Zhang, Junshan

NSF project CNS-2203412: MLWiNS: Distributed Learning over Multi-Access Channels: From Bandlimited Coordinate Descent to Gradient Sketching


In many edge networks, edge devices are often connected to each other or a central node wirelessly. The unreliable nature of wireless connectivity, together with constraints in computing resources at edge devices, puts forth a significant challenge for the computation, communication and coordination required to learn an accurate model at the network edge. This project considers a many-to-one architecture for distributed learning over wireless multi-access channels , where multiple edge devices collaboratively train a high-dimensional machine learning model, using local data, in a distributed manner. In such a setting, the constraints in computing and communication resources dictate that the local updates at edge devices (senders) should be carefully crafted and compressed to make full use of the wireless bandwidth/power available and should work in concert with the edge server (receiver) so as to learn an accurate model.

Technical approaches and key outcomes:

Aiming to develop an integrated edge learning and wireless networking framework, this project will take a principled approach to investigate thoroughly two suites of edge learning algorithms tailored for wireless MAC channels, namely bandlimited coordinate descent and bandlimited gradient sketching. In these algorithms, sparsified or sketched versions of local updates are communicated using multi-carriers based transmissions where the number of subcarriers is constrained by the bandwidth; and each sender carries out power allocation across subcarriers based on gradient values and channel conditions in an integrated manner. Further, these edge learning algorithms will be devised using two intimately related methods:

  1. First-order stochastic gradient descent methods,
  2. Zero-order stochastic optimization methods.

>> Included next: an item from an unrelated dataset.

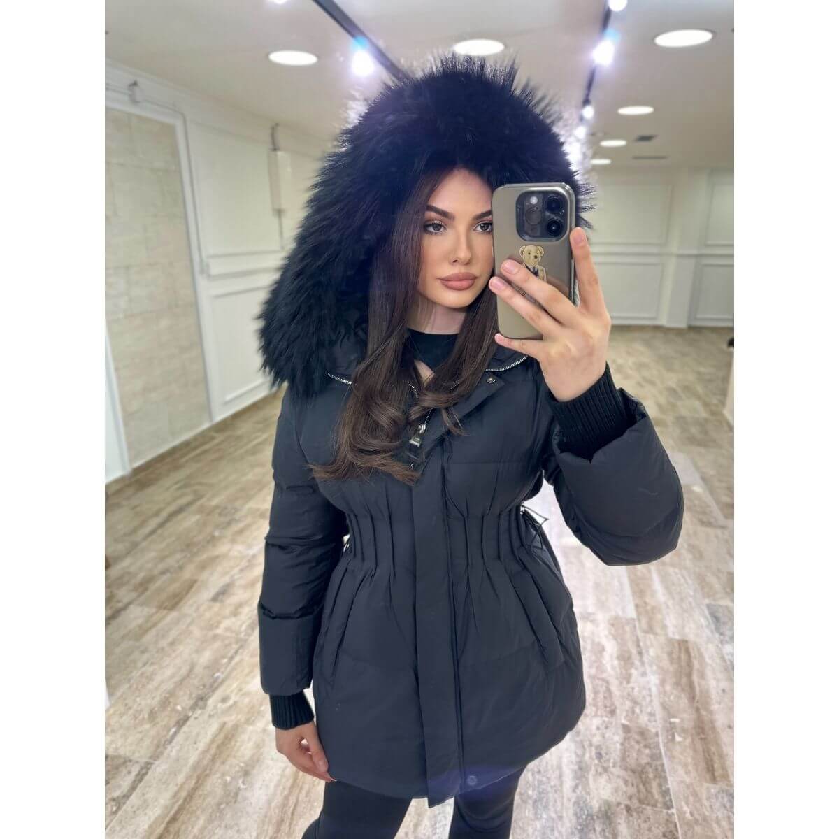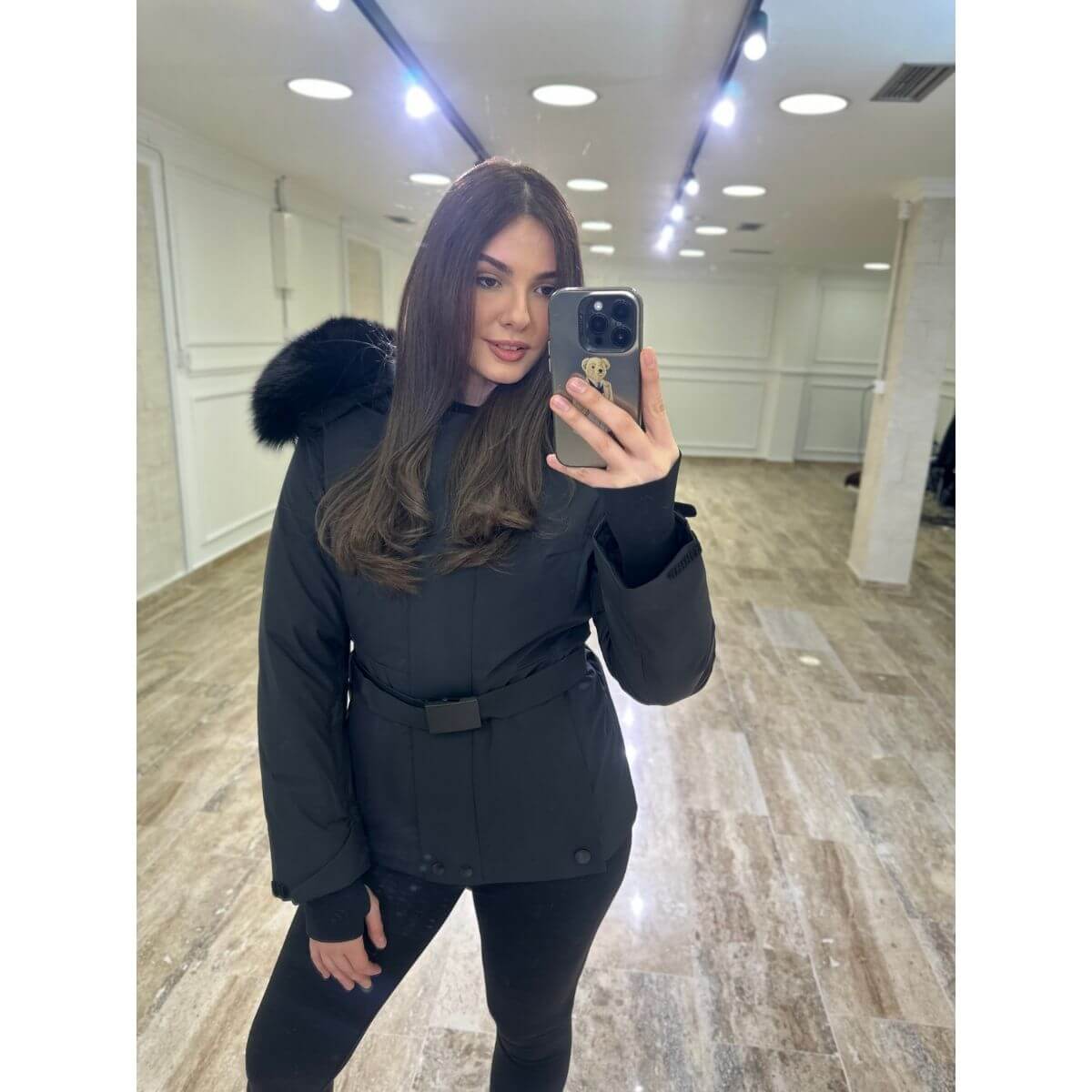 Zimska jakna s krznenim rubom i strukiranim krojem

Note that zero-order methods are derivative-free so they are very promising for wireless edge learning. In particular, because channel state information is essential to optimal power control and gradient estimation in the learning driven framework, we make dedicated effort to study machine learning aided channel estimation. We then pursue a comprehensive understanding of the impact of the wireless bandwidth/power on the accuracy and convergence of these algorithms. We evaluate the performance of the proposed learning framework for wireless edge networks, using simulation, experiments, and prototype development.

  • This work promotes reliable and secure connected IoT systems, across data acquisition, across computation, and across communication.
  • Success will tackle the fundamental challenge in the rapid deployment of AI methods, namely how to effectively carry out computation and coordination for edge learning while taking into account the constraints in wireless networks and computational resources at billions of edge devices.